I am exactly that kind of author — as Gemini, from having worked with me, knows full well. And by the way I don’t recommend Gemini for authors. It’s good at code and maths, but it has by far the most stilted prose style of all the LLMs. You’d almost think it was paid by the word. Claude, ChatGPT and DeepSeek are all much better for the kinds of task we’re interested in. I haven’t used Llama or Copilot much, but I’m sure they’re just as good. Try them all out and see which you like.
Lastly there’s simple brainstorming. Have you ever been stuck on a story problem, and as you start explaining it to somebody else you suddenly see how to fix it? The other person doesn’t even need to say much. What they do say may be irrelevant to solving the problem, but it’s enough if they get you thinking about it from another angle.
The beauty of doing this with an LLM is that it is endlessly patient and it knows everything on the Internet. The only downside is what I call “banjo duel daze”, in reference to the sequence in John Boorman’s film Deliverance (video above), whereby the LLM responds so rapidly and completely that after a few minutes you have to stagger off and take a break. Until we can pay for a direct brain upgrade (and no, I’m never going near Neuralink’s products!) we may just have to accept that our robot assistants may be able to tie a girdle round the earth in forty milliseconds, but at least they still need us to ask the right questions.

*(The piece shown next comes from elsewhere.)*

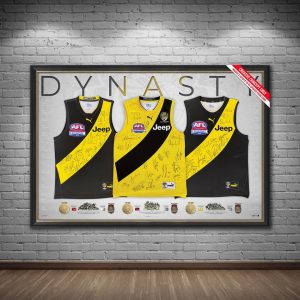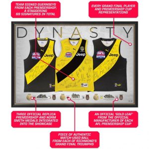- Features an officially licensed Richmond 2017, 2019 and 2020 Grand Final guernsey – a guernsey from each Grand Final triumph – personally signed by every single Premiership player from each respective year, along with three-time Premiership coach Damien Hardwick – a staggering 69 signatures in totality

As a writer I LOVE working with AI! I have always needed a sparring partner to galvanize my thinking and I actually need to get my thoughts outside before I can wrangle with them, and Claude is such a great companion in this. Your article wonderfully summarized all the boons that AI is for writers and reflects my experiences exactly (plus some other uses I haven’t thought of yet). I think writers get it wrong when they refuse to work with AI for some misplaced principialism or whatever that is.
I've been having a very similar experience with AI - my upcoming post on NotebookLM is very much along the same lines as this. Don't use AI to write the words: use it to help you write the words with less effort.